New York State’s Department of Financial Services (DFS) recently unveiled two new divisions with broad enforcement authority focused on consumer protection, financial enforcement, and cybersecurity. Financial service providers should take note as New York and other states continue to shore up their enforcement capabilities.
Consumer Protection & Financial Enforcement
DFS’ highly touted Consumer Protection and Financial Enforcement (“CPFE”) division was launched on April 29, 2019. The CPFE’s debut marks the latest DFS action to solidify the Department’s position as “a leader in financial services regulation.”
Heralded by acting Superintendent Linda Lacewell as a “powerhouse”, the CPFE is tasked with broad responsibility, specifically: (1) protecting and educating consumers; (2) combating consumer fraud; (3) ensuring that DFS-regulated entities serve the public in compliance with state and federal law; (4) developing investigative leads and intelligence in the banking, insurance, and financial services arenas, with a particular focus on cybersecurity events; and (5) developing and directing supervisory, regulatory and enforcement policy regarding financial crimes.
The Department created its new mega group by merging its enforcement operation with the division which conducts DFS’ civil and criminal investigations (formerly known as the Financial Frauds and Consumer Protection or “FFCP”). The CPFE’s creation follows DFS’ pronouncement last year that it was prepared to step in to “fill voids” in areas where consumer and market protections are rolled back on the federal level. The announcement also follows the news that the Consumer Finance Protection Bureau (“CFPB”) will adjust its focus from enforcement to “preventing harm”. The Bureau’s shift in approach was announced by Kathleen L. Kraninger during her first policy address as the CFPB’s new Director on April 17, 2019. Director Kraninger expressed the “hope that our emphasis on prevention will mean that we need our enforcement tool less often.”

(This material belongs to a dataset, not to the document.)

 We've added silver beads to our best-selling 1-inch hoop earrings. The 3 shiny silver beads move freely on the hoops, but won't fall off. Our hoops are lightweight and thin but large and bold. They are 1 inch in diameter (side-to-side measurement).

The CPFE division will be headed by Katherine A. Lemire, who is expected to draw upon her decade of prosecutorial experience at the federal (Assistant United States Attorney in the Southern District of New York) and state (Assistant District Attorney in the New York County District Attorney’s Office) levels. During her time in the Manhattan U.S. Attorney’s office, Ms. Lemire’s work included the prosecution of disgraced political donor Norman Hsu – sentenced to over 24 years in prison – and the corruption conviction of City Council Member Miguel Martinez. Referred to by the NY Daily News as a “legal Howitzer,” Ms. Lemire also served as special counsel to then-NYPD Commissioner Raymond Kelly.

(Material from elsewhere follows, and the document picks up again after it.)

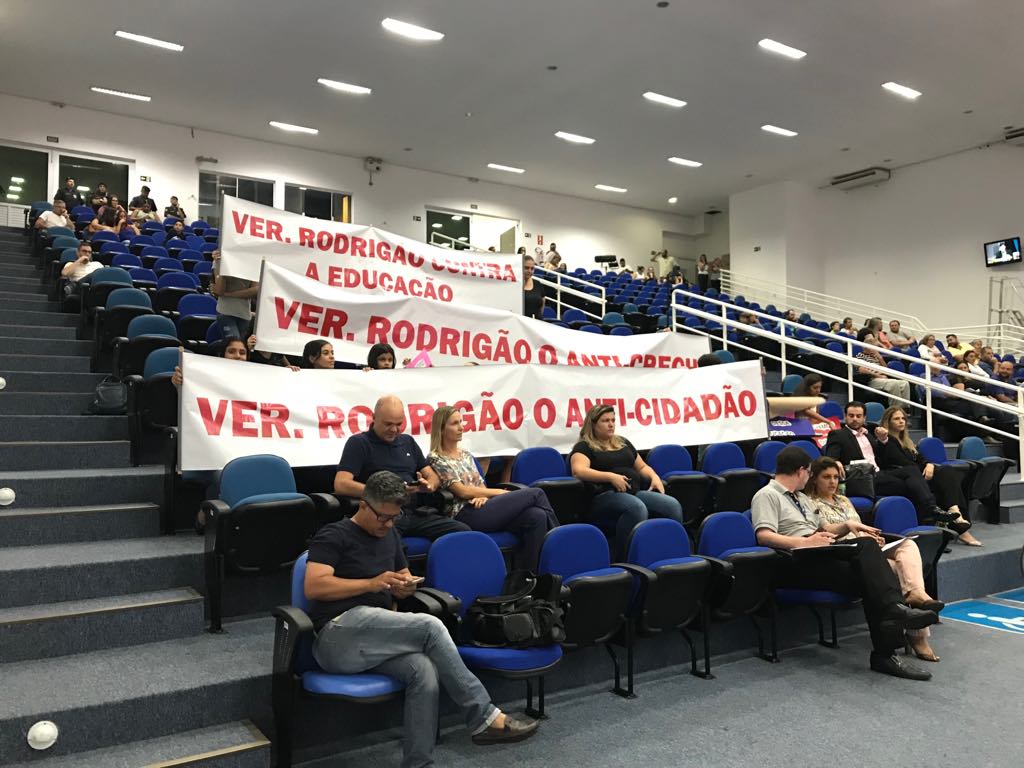 Durante a CPI, houve protesto dos trabalhadores da creche, que ficaram indignados com o resultado da votação e com a postura de alguns vereadores. “Eu fico incomodada, porque eu faço meu serviço direito e a maioria dos vereadores fala uma coisa e faz outra. Durante a votação, eles falam que são favoráveis ao afastamento do prefeito, mas no dia a dia não fazem nada para nos ajudar”, declara Leia Machado, 50 anos, trabalhadora da creche CECOIN Santo Antonio e uma das organizadoras do protesto.

Upon entering the private sector, Ms. Lemire founded an international compliance and investigative services firm. As part of a 2017 roundtable discussion on “How to Conduct Internal Investigations Efficiently and Effectively,” the new CPFE head shared the following insights on effectively working with government investigators to “narrow the scope” of subpoena requests in order to minimize client costs and business disruption:
Remember that prosecutors are people too … they can be reasonable. If confronted with a very broad subpoena seeking, for example, a large swath of documents over the course of years, it may make sense to call the prosecutor and find out whether you may narrow the scope of responsive documents. Often, prosecutors will provide specifics regarding the target of the investigation, and work with you to produce documents in a time-efficient manner. Prosecutors typically have investigative priorities, and if you can provide a proposed schedule for document/materials production, they will often work with you so that they can get what they need the most in a rapid fashion. Relatedly, you may be able to spare yourself producing materials that are not within the actual scope of materials needed. While they are the “expert” in the investigation, you are the “expert” in your business — prosecutors may be asking for materials they do not actually need, and with some education from you, you may be able to narrow the scope of the investigation.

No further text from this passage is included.